The 53 is rated at 100w X 7. I can, if needed, use the 2 rear surround channels to bi-amp the fronts (as I'm not planning on doing 7.1 any time soon.)
I think the Pioneer has enough balls, but we'll see. If not, maybe a pair of Outlaw monoblocks are in my future.Jeff (Snoopdog)
It was my nickname before the rapper was born. -
What are outlaw monoblocks?
How do you bi-amp with rear surrounds and get stereo sound? -
They are single channel amplifiers ...
http://www.outlawaudio.com/products-amps.html
There are several ways they could be used to bi-amp speakers. -
Outlaw monoblocks are single channel power amps made by Outlaw Audio. (200 watts @8 ohms).
My Pioneer Elite is a 7.1 AVR. I can assign the 2 channels used for rear surround (or 2nd room spkrs.) to the front L and R.
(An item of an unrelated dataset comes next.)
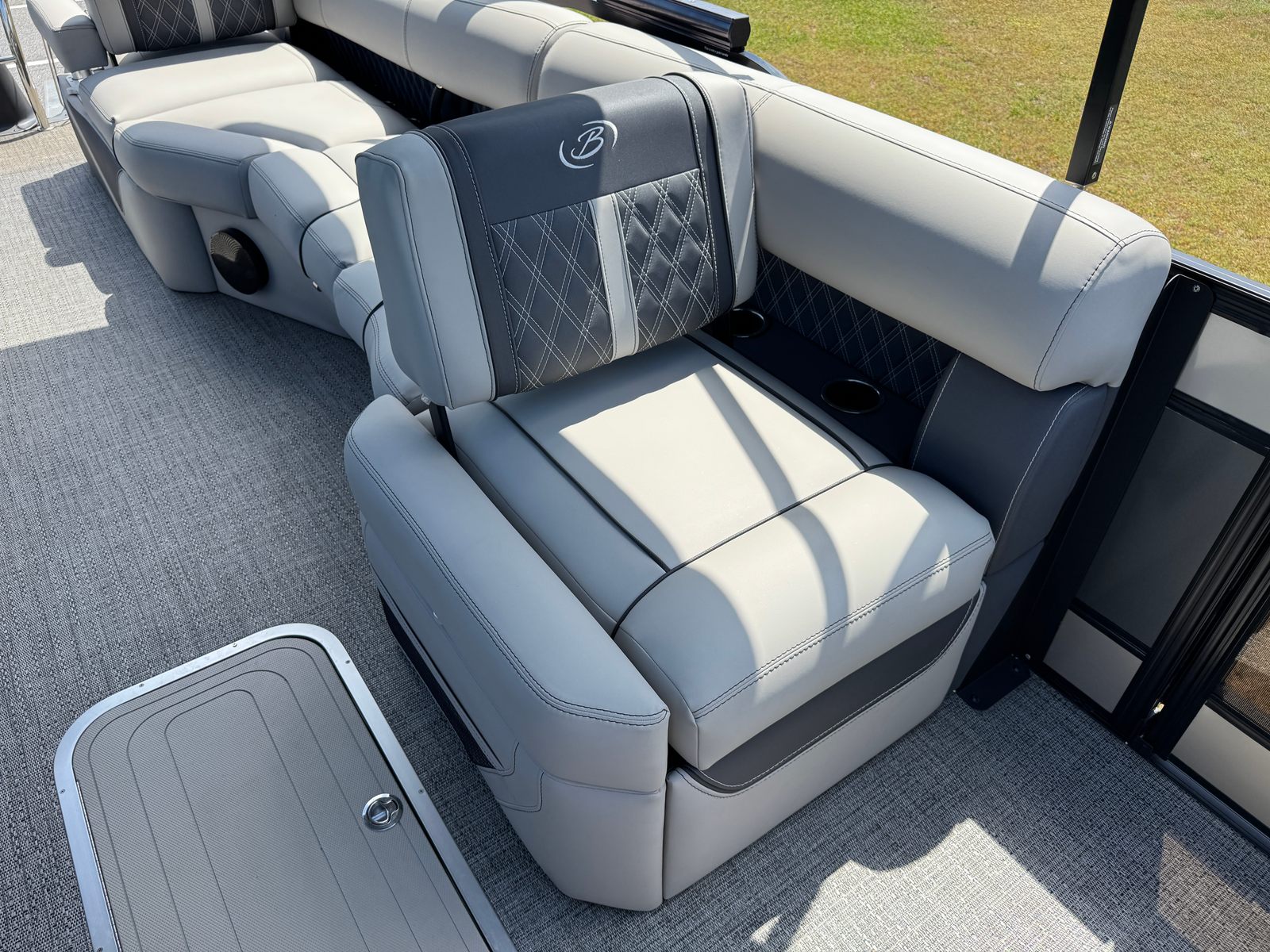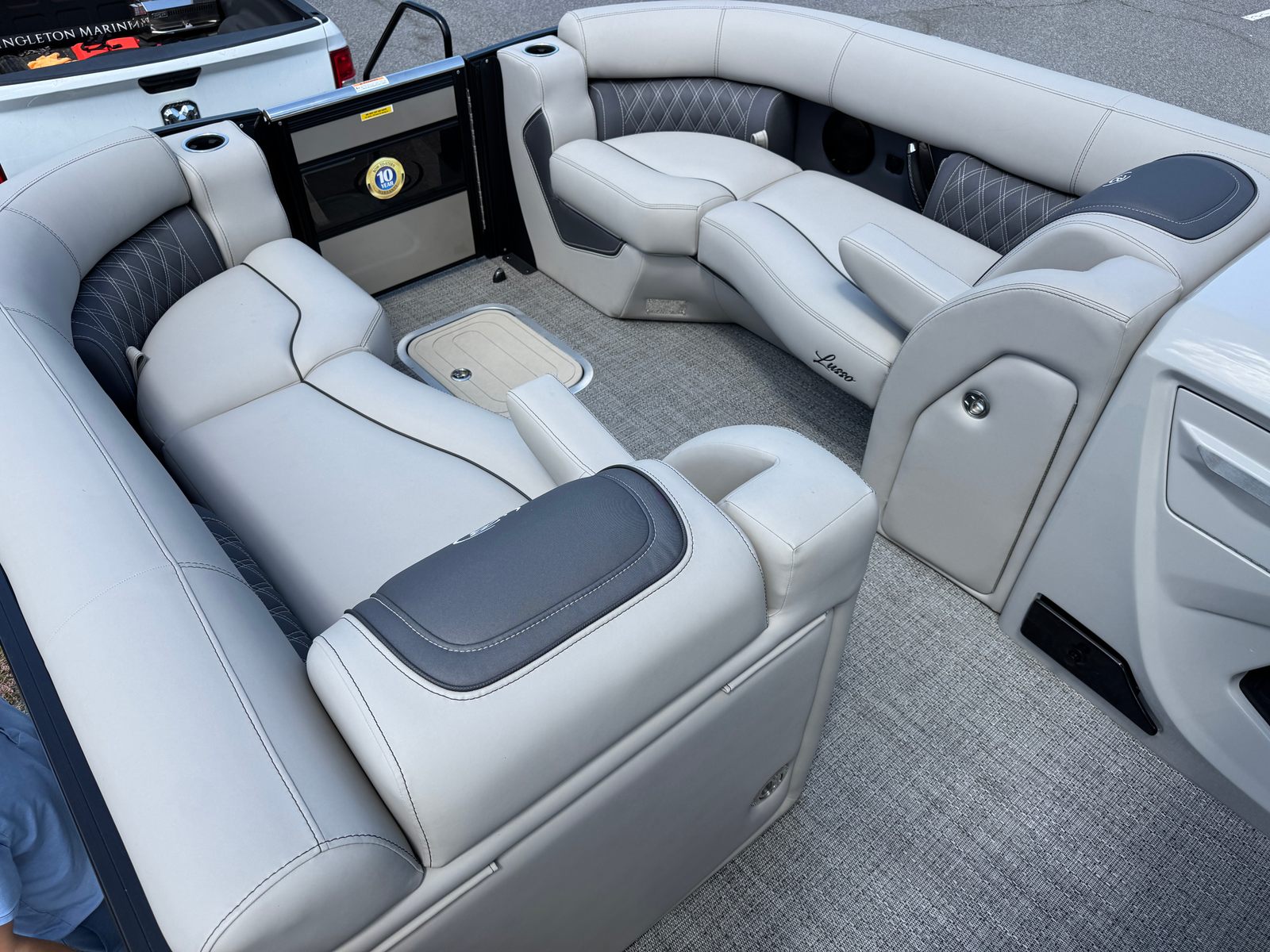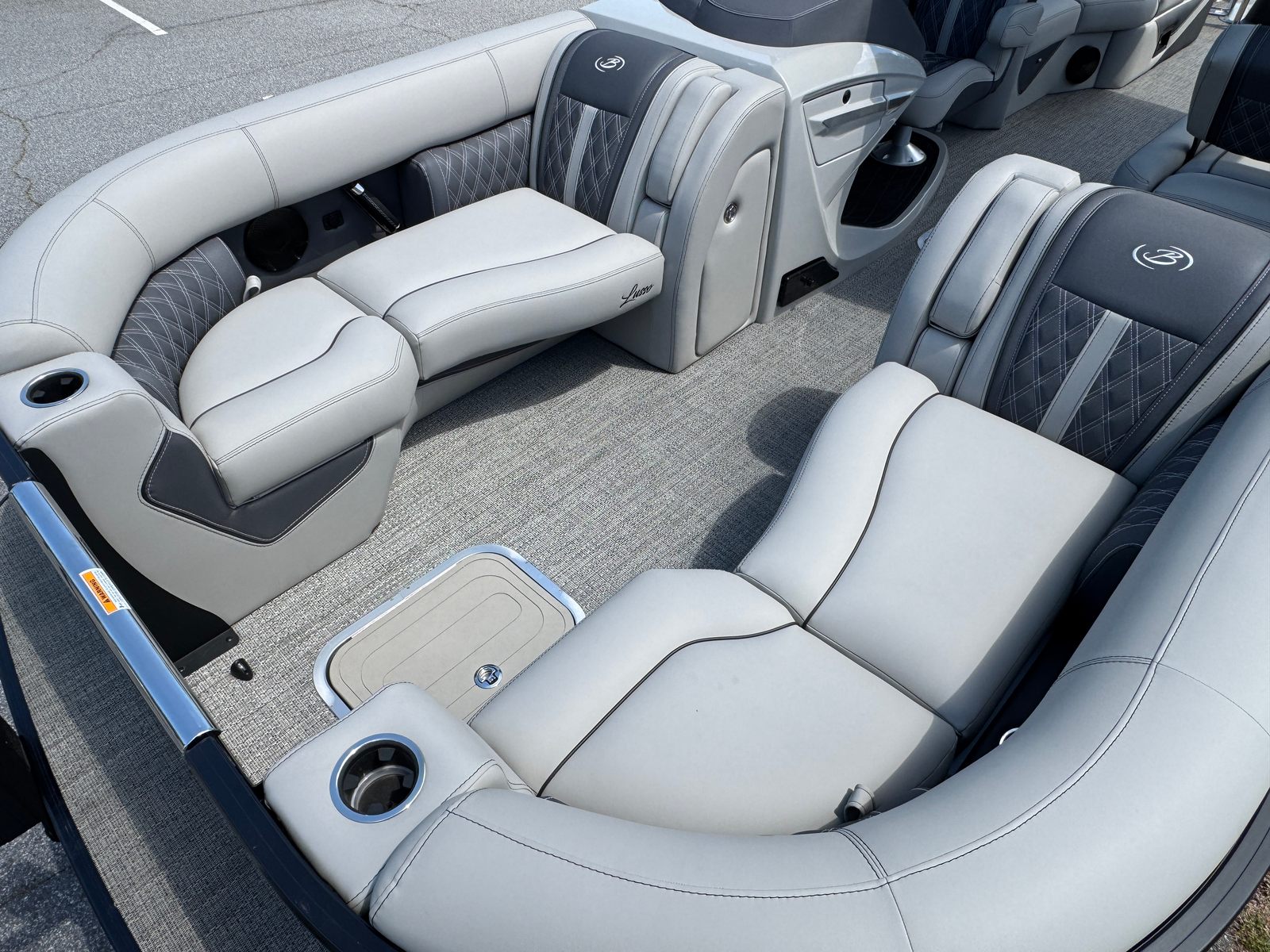 The 2024 Barletta Lusso L25M pontoon boat is designed with comfort, convenience, and entertainment in mind. Its spacious deck layout provides plenty of room for socializing, sunbathing, or enjoying a picnic on the water. Premium seating ensures every passenger rides in comfort, while the thoughtfully arranged helm puts all controls within easy reach of the captain. The Lusso L25M’s high-quality construction and attention to detail are evident throughout, from the stylish exterior lines to the durable flooring and elegant accents.This Barletta boat for sale is equipped with a range of special features that enhance your time on the water. The advanced engineering behind the Lusso L25M ensures a quiet, smooth ride, while the generous deck space makes it easy to move around and enjoy every moment. Whether you’re hosting a lively gathering or seeking a peaceful retreat, this pontoon boat adapts to your needs with ease.

I'd then run two sets of spkr wires to the rt150s. So, in essense, I'd be feeding 200 watt to each rt150, instead of just 100 watts.
What I don't know yet, is if that is enough for these beasts.Jeff (Snoopdog)
It was my nickname before the rapper was born. -
SnoopDog ...
From my personal experience with the RTi12's which are probably slightly more speaker than the RTi150's is that they'll definitely use all you give them.
The listenings I've done in my own set up now are with
- 100 wpc Onkyo receiver
- 200 wpc Sunfire Cinema Grand
- 425 wpc Sunfire CG Sig II
- Dual 425 wpc Sunfire CG Sig II's to bi-amp
Although I'd agree that the last configuration is probably overkill they did sound better each step along the way.
So what's enough or at what point are there diminishing returns ? I guess it's all a matter of taste or hearing or perspective or whatever. I'd say there are diminishing returns between the last two configurations but not between the 2nd and 3rd. Different amps will of course make for different results.